It was consistent across this year’s Whitney Biennial that I was seeing things I never saw before, which is always a bonus in my experience. With artwork “The Last Safe Abortion” (2023) by Carmen Winant, the tone turned especially serious — and, critically, human.
The artwork had an earlier iteration at the Minneapolis Institute of Art in 2023 before showing up this year as part of the Whitney Museum of American Art’s regularly held survey of contemporary art.
The Artwork’s Composition
It is comprised of thousands of printed photographs arranged, with an eye towards aesthetic and thematic flow, to fill the wall. In terms of scope and concurrent effect, it’s like “Vir Heroicus Sublimis” (1950-51) by Barnett Newman. You stand before the finished creation, and even if briefly, you end up swept up into the artwork’s world. The commanding fullness in your perceptual space of something this big keeps your attention focused.
As the name of Winant’s artwork indicates, the actual photographs depict work involved in the providing of abortion care. The expansive installation seems to focus on office work and related endeavors, like outreach: the wide-ranging, rigorous labor in between medical personnel providing actual abortions.
The pictures are, in significant part, from archives held at abortion clinics, the custodians of which joined with Winant in moving this work further along. In an interview published at Aperture (a photography foundation), she talks about wanting to prioritize — in serious terms — agency for the people connected to these images. According to Winant in that same interview, clinics represented by her collection of images hail from Nebraska, Ohio, Iowa, Illinois, Minnesota, Georgia, Texas, Kansas, New York, and North Dakota.
An informational card from the museum posted by the actual artwork added that no actual patients were depicted in any of the photographs. But what is there is persistence in the everyday tasks of running the kind of facility that Winant is elevating with this entire undertaking — combined with outright activism.
I sometimes lean towards thinking — at least at first — about an artwork without too much reference to external forces or trends, instead hoping to just get something out of what is right in front of me.
And while from a technical standpoint, Winant’s undertaking is certainly impressive, the entire endeavor is about spotlighting these real-world experiences snowballing into the present day’s renewed and shifting (depending on the latest legislative status quo) uncertainty around obtaining reproductive health care — what for decades was legally protected at a base level, undone with the reversal of Roe v. Wade.
Correcting the Record with Real, Personal Stories
From an outreach and activism standpoint, Winant’s artwork is an impactful step towards filling what, for some, might have been a serious gap in their (visual, but also general) understanding. How many people have actually seen images like these, not to mention this many at once, documenting the day-to-day work of running a clinic that meets often vulnerable individuals in their times of personal need?
“The Last Safe Abortion” is a proactive undercut to the controlled, cultivated flow of a very specific set of visual information. Specifically, as was already noted elsewhere, anti-abortion activists often utilize graphic, gory imagery in their outrage over these processes. Here, the people involved in these situations of providing abortion care can take center stage. As much as a photograph or image collection can allow, they can speak for themselves. They’re here, front and center.
Just as a general matter, as someone who is very involved politically, I feel that Winant’s artwork keys into a very important need for the individuals actually targeted by policy decisions like restrictions on abortion to be given real input.
On another front, the images that Winant includes in “The Last Safe Abortion” often depict quite small groups of people at a time, so that, when you’re looking at these displayed images up close, you feel like you’re really getting a snapshot of these people on an individualized level — which is another powerful component of the artwork.

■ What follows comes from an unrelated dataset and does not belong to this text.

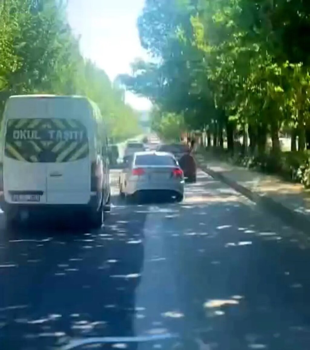 Elazığ’da makas atarak trafiği tehlikeye atan şoför kameraya yansıdı.

Abortions aren’t conducted for aliens from outer space. Abortions and related forms of reproductive health care are undertaken to benefit real-world, everyday people. The kind of person with whom you might exchange pleasantries at the grocery store, develop a friendship with at your job, or see dropping their children off at school. They’re someone who cooks, cleans, and works for a living. This isn’t some extraterrestrial concept. Time and again, over and over, it’s someone with whom you might meaningfully connect in any of a whole host of situations. Your neighbor — or family. A tired stranger walking by. The point is: it’s anyone.

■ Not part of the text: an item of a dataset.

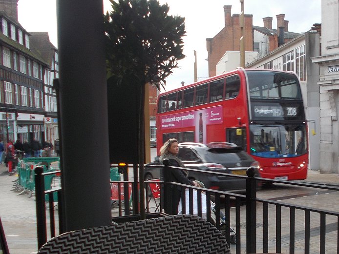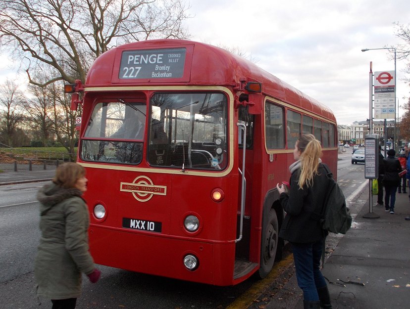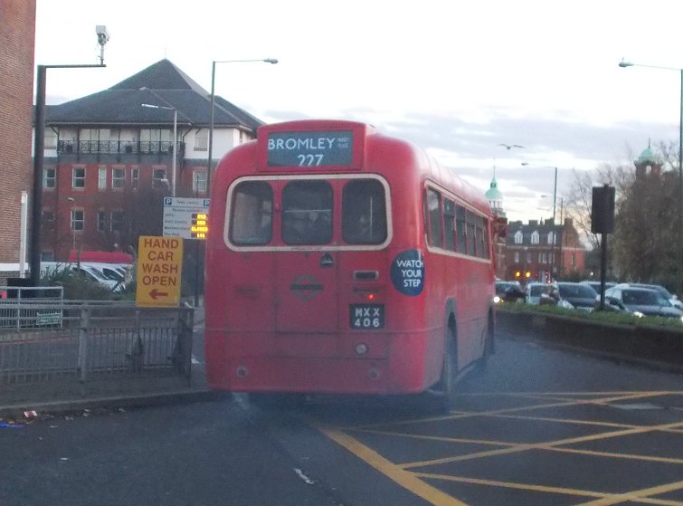 227: Bromley North to Crystal Palace: RF368Just after two o'clock RF395 appeared, and zipped past before I could focus my camera: I had forgotten that the 227s no longer stop on the Market Place as they used to. I finished my meal, paid for it (important to remember that, at my age!) and headed along Widmore Road towards the stop at the URC and Town Hall. I had taken too long. RF395 pulled away from the stop before I got there, and was not going to stop for me. I watched it disappear onto the Market Square.I crossed the road and headed for Bromley North Station. Citaro 26103 passed me on the last leg of its journey. I reached the station stop in time to see RF368 go past and turn in to Mitchell Way. There it joined a bus jam caused by long single-deckers crew-changing. EnviroDart 36547 on the 314 seemed to be the ringleader. 36309 behind it on the 246 just could not edge past to get into the private bus stance in the old station goods yard. The log jam cleared, and RF368 unloaded, then pulled round towards the pickup stop in front of the station. RM1397 was just setting off southwards on a 94 to Petts Wood. I climbed aboard RF368. This is one of my favorites, having been one of the RFs that I regularly used on the 227 to get to school. We set off down to the Town Hall, and turned right to head for the Market Place. The road renewal in the Market Place has been completed, so we were soon round the corner into High Street North. I used to come through College Slip from North Street, cross the road and look to see if a Penge-bound 227 was coming. Today, as we approached College Slip and the Swan & Mitre it was Metrobus OmniCity 528 that pulled out from Swan Hill onto the High Street. We turned down the hill (properly Beckenham Lane), and weaved down the sinuous hill to Shortlands, where we ducked under the low railway bridge. We climbed up the west side, then rolled down into Beckenham, forking right to serve Beckenham Town Hall and Church. We turned down to Beckenham High Street, and snaked along to the War Memorial roundabout, then on to Clock House. We went over the Mid-Kent line at the station, then on under the tram line and the Crystal Palace railway, and on into Penge. We passed RF395 as we went up Penge High Street, as it was setting off back to Bromley. We continued up through Penge, went under the Brighton line and toiled up Crystal Palace Hill. Up on the Parade we motored along to the bus station, where this year we were allowed to turn, but not stop. We made our turn, and terminated at an eastbound stop on the north side of the parade. 227: Crystal Palace to Penge: RF368The blinds were set for Penge. We cannot give crew breaks at Bromley North, but are allowed to stand at The Crooked Billet, on the historical 227 stand. So crew breaks are there. We rolled down the hill and back into Penge, where we found ourselves behind VLA69 (I think). This cannot be long for this world (at least in London), being ten years old. We pulled in to The Cooked Billet stand, where we found RF429 completing a break.227: Penge to Bromley North: RF429RF429 has an advantage in this weather: doors. RF368 has no doors or Conductor bar across the front window, but RF429 does. Such buses, converted for omo, were a rarity in my school days. Then, although converted they were not allowed to be used with doors operating. Bromley had none, but occasionally one borrowed from New Cross was to be found on the 227, with the doors non-operational. Anyway, I was welcomed aboard, and we soon set off on the familar home-run to Bromley. TD95 scurried past as we passed the old grammar school. We had an uneventful trip back to Bromley North Station, where I alighted. It was a quarter to four, and the light was going rapidly. I decided to walk down to West Street and catch the 94 to Grove Park. RF429 purred away on another round-trip to Penge.. Photos by Ian Smith. Click on any of them for a larger picture.

And the same goes for the people who work so persistently in these clinics, whether before Roe v. Wade was ever decided, in the decades of its continuance during which political forces still tried to claw back access to reproductive care, or now, when access to these sometimes life-saving procedures changes from state to state. These are just people trying to help other individual people in their time of need.
And that thread shines in the imagery that Winant assembled.
The 2024 Whitney Biennial’s end date was August 11, but some of the artwork is remaining on view through late September on the museum’s sixth floor. And that selection includes this piece!